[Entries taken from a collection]
******************************

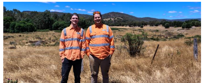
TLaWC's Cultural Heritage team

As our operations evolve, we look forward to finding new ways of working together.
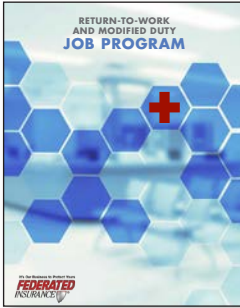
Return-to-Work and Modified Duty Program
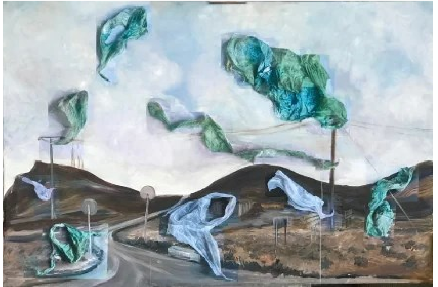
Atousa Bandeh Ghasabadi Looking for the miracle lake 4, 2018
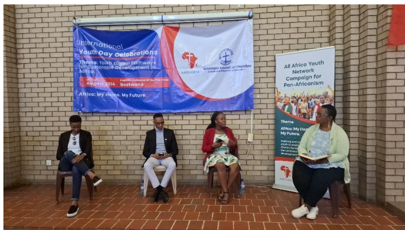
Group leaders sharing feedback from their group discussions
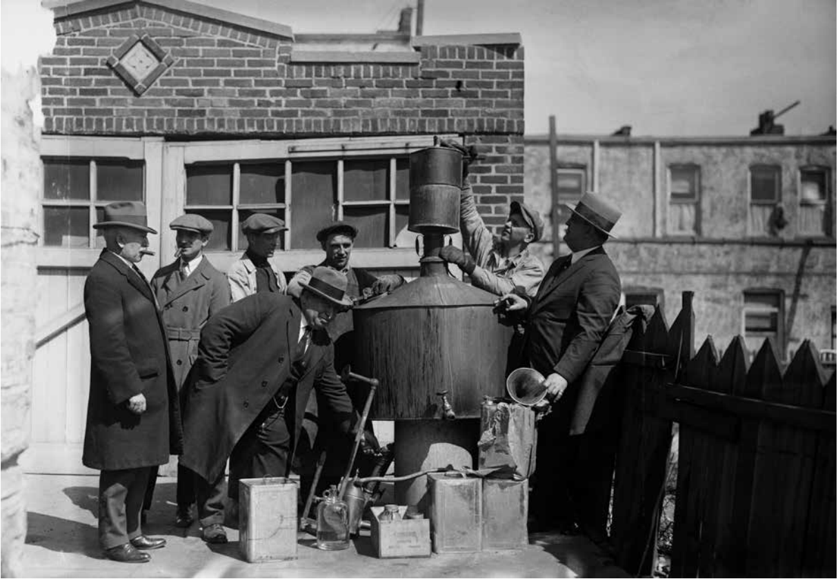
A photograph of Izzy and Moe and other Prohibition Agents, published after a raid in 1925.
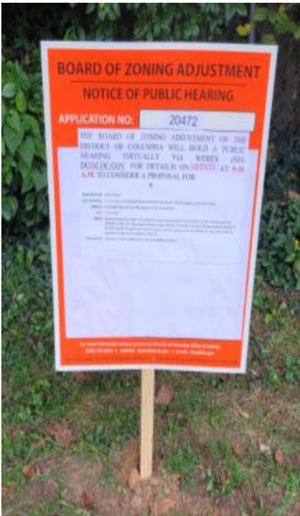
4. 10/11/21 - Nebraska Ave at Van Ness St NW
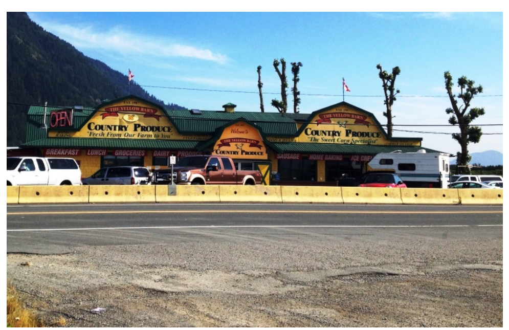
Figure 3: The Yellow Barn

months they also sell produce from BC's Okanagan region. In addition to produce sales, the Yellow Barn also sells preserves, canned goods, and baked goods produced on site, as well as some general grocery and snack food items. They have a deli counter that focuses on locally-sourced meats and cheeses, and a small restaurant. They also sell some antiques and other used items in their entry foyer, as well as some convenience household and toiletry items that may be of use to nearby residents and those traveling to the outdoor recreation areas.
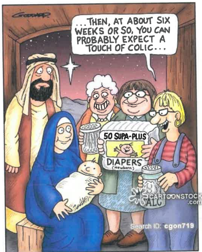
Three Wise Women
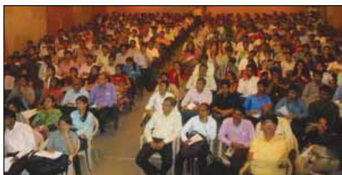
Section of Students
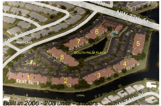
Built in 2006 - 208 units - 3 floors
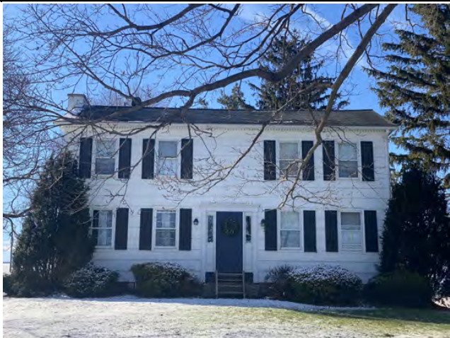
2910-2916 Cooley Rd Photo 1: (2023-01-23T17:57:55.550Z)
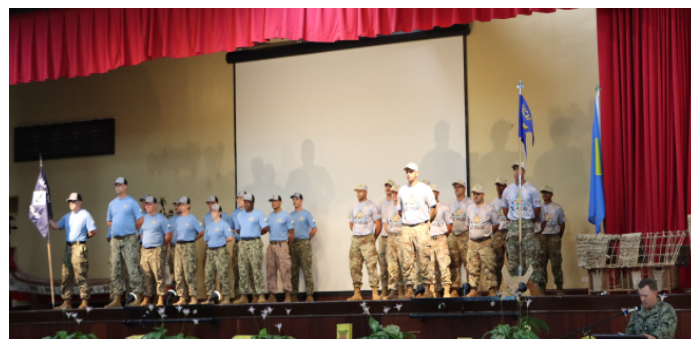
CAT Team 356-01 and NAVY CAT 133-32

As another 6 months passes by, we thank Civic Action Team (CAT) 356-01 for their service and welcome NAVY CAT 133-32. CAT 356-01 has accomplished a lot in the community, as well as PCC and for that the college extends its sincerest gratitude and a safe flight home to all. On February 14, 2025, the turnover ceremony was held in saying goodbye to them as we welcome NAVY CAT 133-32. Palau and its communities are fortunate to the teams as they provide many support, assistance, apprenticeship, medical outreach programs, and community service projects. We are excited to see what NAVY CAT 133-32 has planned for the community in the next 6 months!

******************************

Word for word, repeat the lines of data above, omitting every picture.

Answer space ::
TLaWC's Cultural Heritage team

As our operations evolve, we look forward to finding new ways of working together.
Return-to-Work and Modified Duty Program
Atousa Bandeh Ghasabadi Looking for the miracle lake 4, 2018
Group leaders sharing feedback from their group discussions
A photograph of Izzy and Moe and other Prohibition Agents, published after a raid in 1925.
4. 10/11/21 - Nebraska Ave at Van Ness St NW
Figure 3: The Yellow Barn

months they also sell produce from BC's Okanagan region. In addition to produce sales, the Yellow Barn also sells preserves, canned goods, and baked goods produced on site, as well as some general grocery and snack food items. They have a deli counter that focuses on locally-sourced meats and cheeses, and a small restaurant. They also sell some antiques and other used items in their entry foyer, as well as some convenience household and toiletry items that may be of use to nearby residents and those traveling to the outdoor recreation areas.
Three Wise Women
Section of Students
Built in 2006 - 208 units - 3 floors
2910-2916 Cooley Rd Photo 1: (2023-01-23T17:57:55.550Z)
CAT Team 356-01 and NAVY CAT 133-32

As another 6 months passes by, we thank Civic Action Team (CAT) 356-01 for their service and welcome NAVY CAT 133-32. CAT 356-01 has accomplished a lot in the community, as well as PCC and for that the college extends its sincerest gratitude and a safe flight home to all. On February 14, 2025, the turnover ceremony was held in saying goodbye to them as we welcome NAVY CAT 133-32. Palau and its communities are fortunate to the teams as they provide many support, assistance, apprenticeship, medical outreach programs, and community service projects. We are excited to see what NAVY CAT 133-32 has planned for the community in the next 6 months!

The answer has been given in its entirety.